Can we reconstruct what actually happened?

Today, despite advances in observability (logs, traces, metrics), the answer is often partial.

Current tools help us understand:

  • what happened
  • where it happened

But far less:

  • why it happened
  • in which real context
  • with which complete causal chain

Thesis

Execution should not only be compliant or observable.
It must be reconstructible, explainable, and diagnosable.

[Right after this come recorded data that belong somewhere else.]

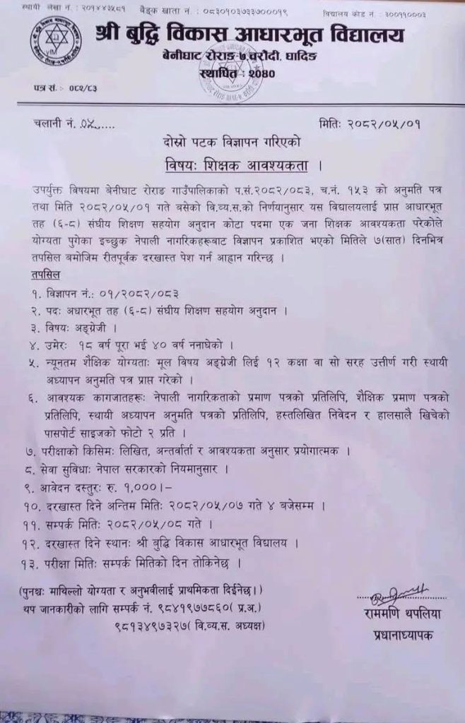 धादिङको बेनीघाट रोराङ ७ मा अवस्थित श्री बुद्धि विकास आधारभूत विद्यालयको लागि शिक्षक पदपूर्ति सम्बन्धी दोस्रो पटक विज्ञापन गरिएको सूचना बमोजिम संघीय शिक्षण सहयोग अनुदानकोटामा करार पदपूर्तिहुने गरी आधारभूत तह कक्षा ६-८ को लागि शिक्षकको लागि विज्ञापन गरेको छ ।
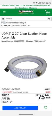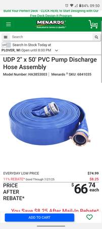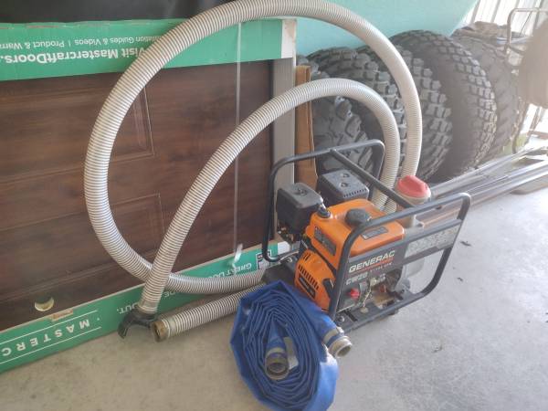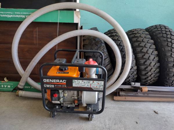 Generac CW20 Clean Water Pump with 2" X 20ft clear suction hose assembly and 2" X 50ft discharge hose assembly. 158 gal/minute. Used very little. $350.00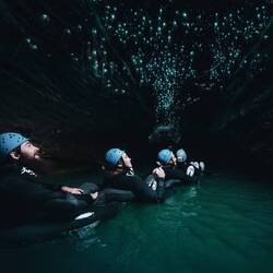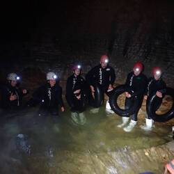 Und am nächsten Tag stehe ich mit einer Gruppe von insgesamt 7 Leuten (2 neuseeländische Studentinnen sind unsere Guides) vor dem Eingang der Höhle, vor Kälte bibbernd im dicken, aber vom Vortag noch nassen Neopren, mit Helm, Stirnlampe, Gummistiefeln und Gummireifen, die aussehen wie riesige Hämorrhoidenkissen.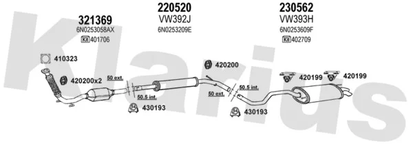 VW POLO III (6N1) 1.7 SDI - Výfukový systém - kompletní od 4/1997 do 10/1999, 1716 ccm, 42 kW, 57 hp, AHG, Šikmá zadní část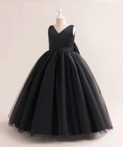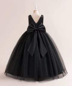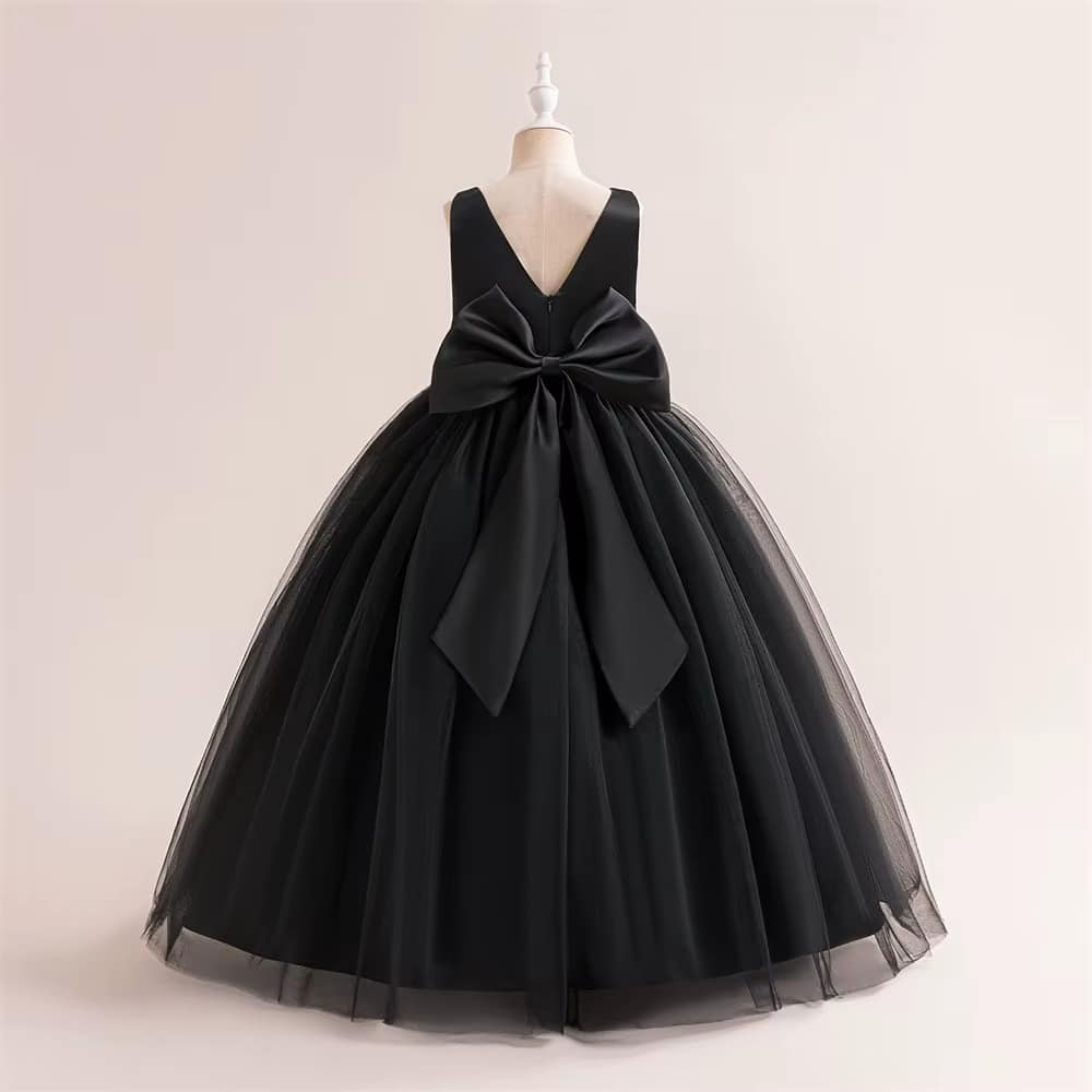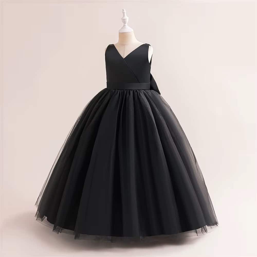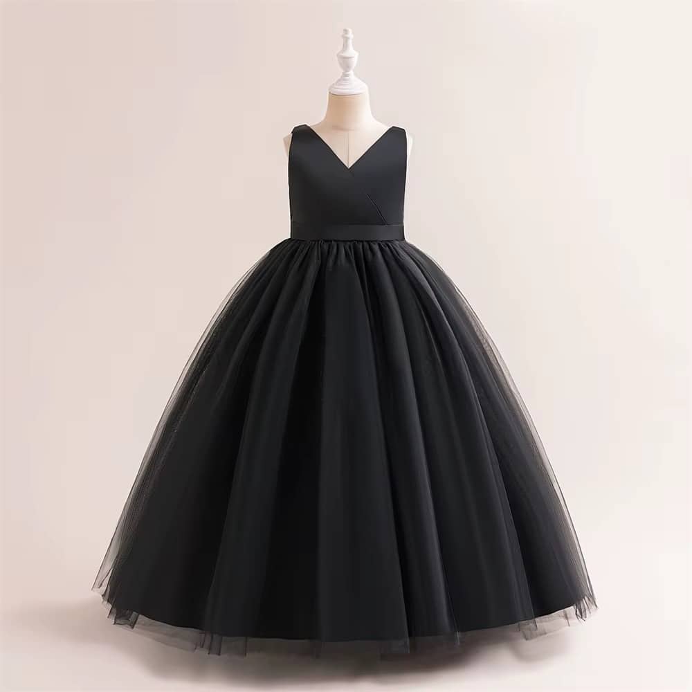 Vestido Infantil Julia Longo Preto em Cetim e Tule de Princesa Elegante Menina Festa Aniversário Formatura Premium Luxo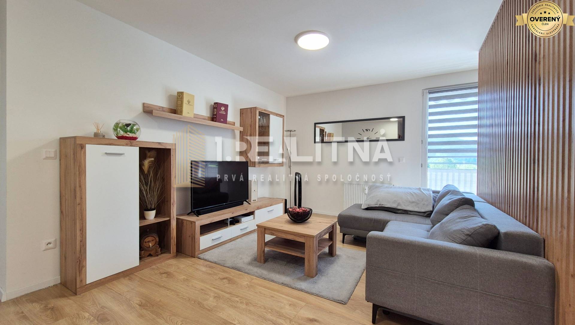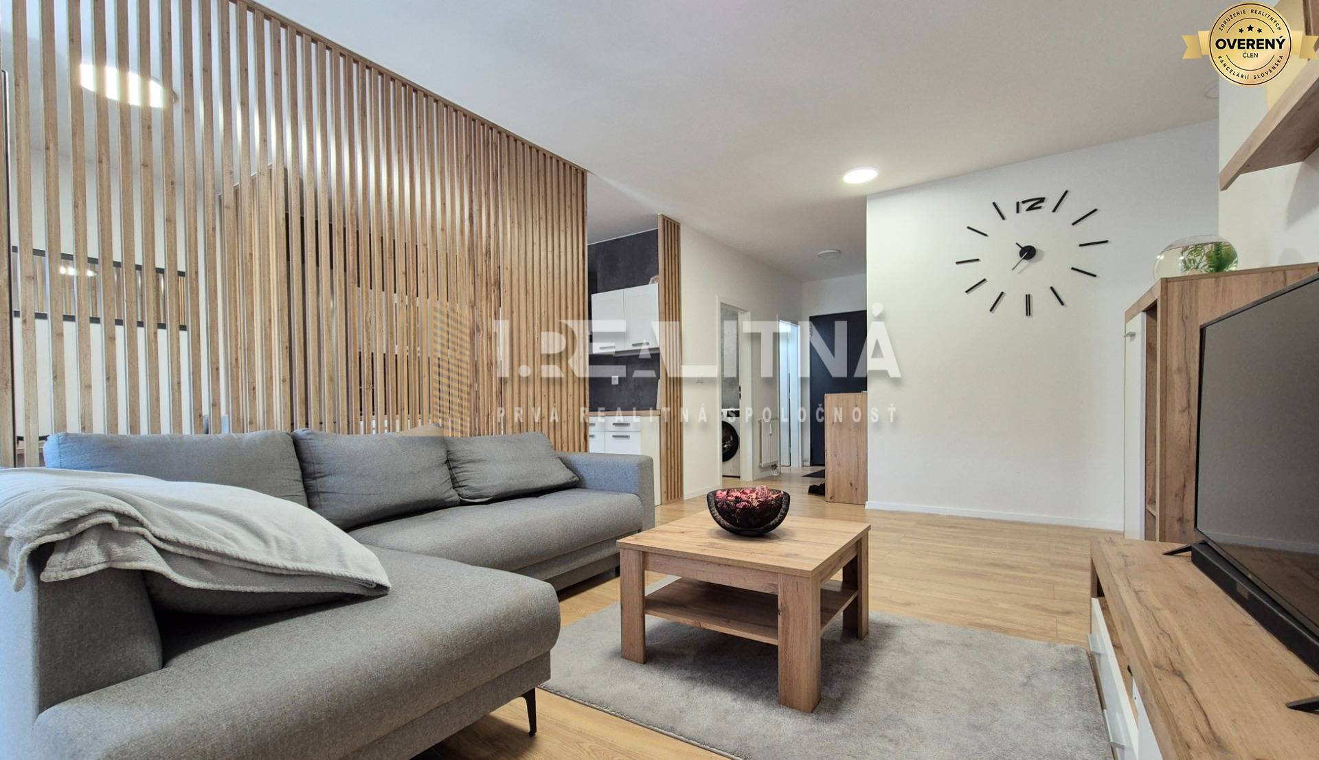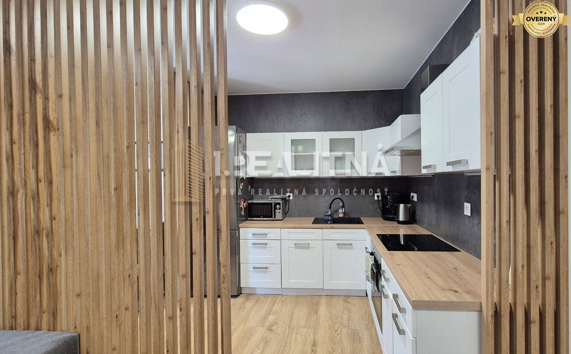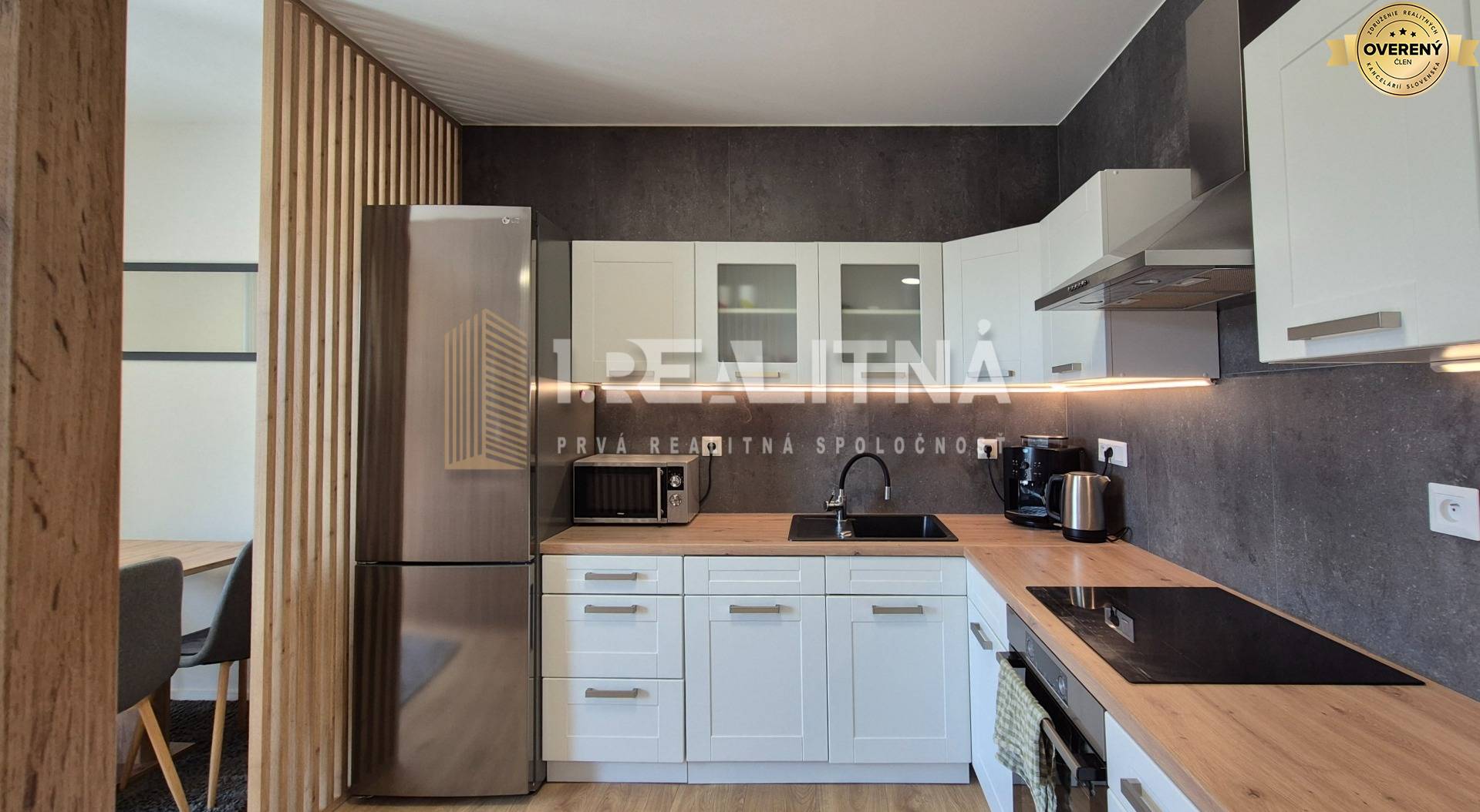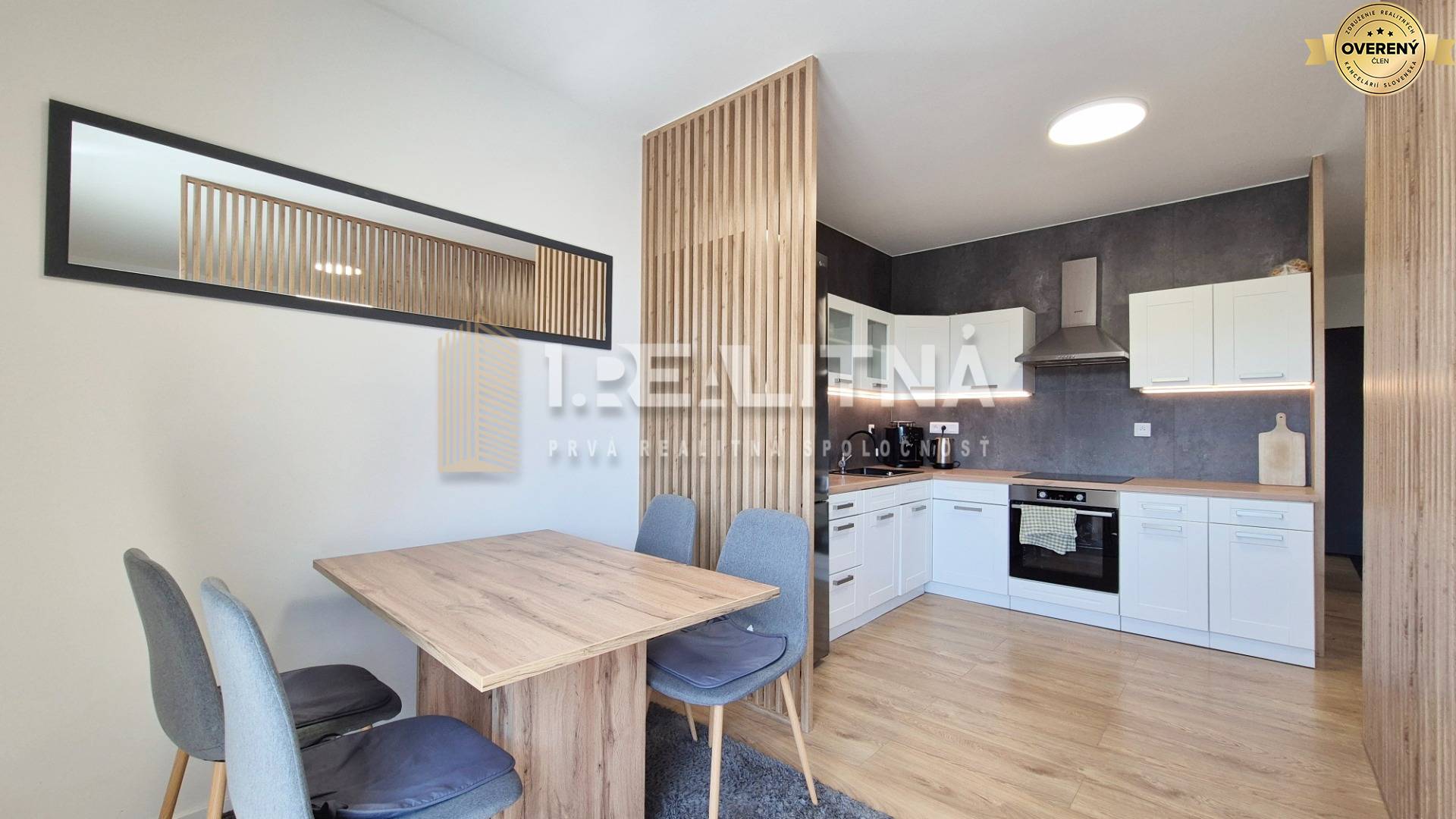 • vzdušná obývačka spojená s kuchyňou, elegantne oddelená drevenými lamelami, s jedálenským stolom a vstupom na terasu

Approach: OBELISK — Execution Evidence Layer

This gap led us to develop a complementary layer to existing approaches.

Objective: move from system observation to causal reconstruction of behaviour in production.

What this changes in practice

Operational reality measurement
Capture what actually happens: accepted, modified, and rejected decisions.

Real friction analysis
Detect weak signals: corrections, rework, escalations, operator time*.
This quantifies the gap between expected performance and real usage.

Failure diagnosis
In case of incidents, reconstruct:

  • the full execution chain
  • intermediate decisions
  • real business context
  • the precise point of failure

This shifts from correlation to actionable causal analysis.

Performance validation
Claims become verifiable: productivity gains, error reduction, actual robustness.

Context anchoring
Every observation is linked to:

  • a business workflow
  • a risk level
  • a real operational context

Example (instrumented real case)

On a typical use case:

  • 72% of suggestions accepted
  • 18% modified
  • 6% rejected
  • 4% escalated to humans

These indicators allow:

  • measuring real human oversight
  • identifying where the system fails
  • understanding why it fails

Positioning

Existing tools enable tracing and monitoring.
This approach enables reconstruction, explanation, and diagnosis.

Link to the AI Act

It directly strengthens:

  • traceability (Article 12)
  • human oversight (Article 14)
  • post-market monitoring (Article 72)
  • continuous risk management

and most importantly:
the ability to analyse real incidents in production.

Insight

Future compliance will not be a certification.
It will be a demonstration of real-world system behaviour.

Conclusion

Without the ability to explain failures, some AI Act obligations remain difficult to verify in practice.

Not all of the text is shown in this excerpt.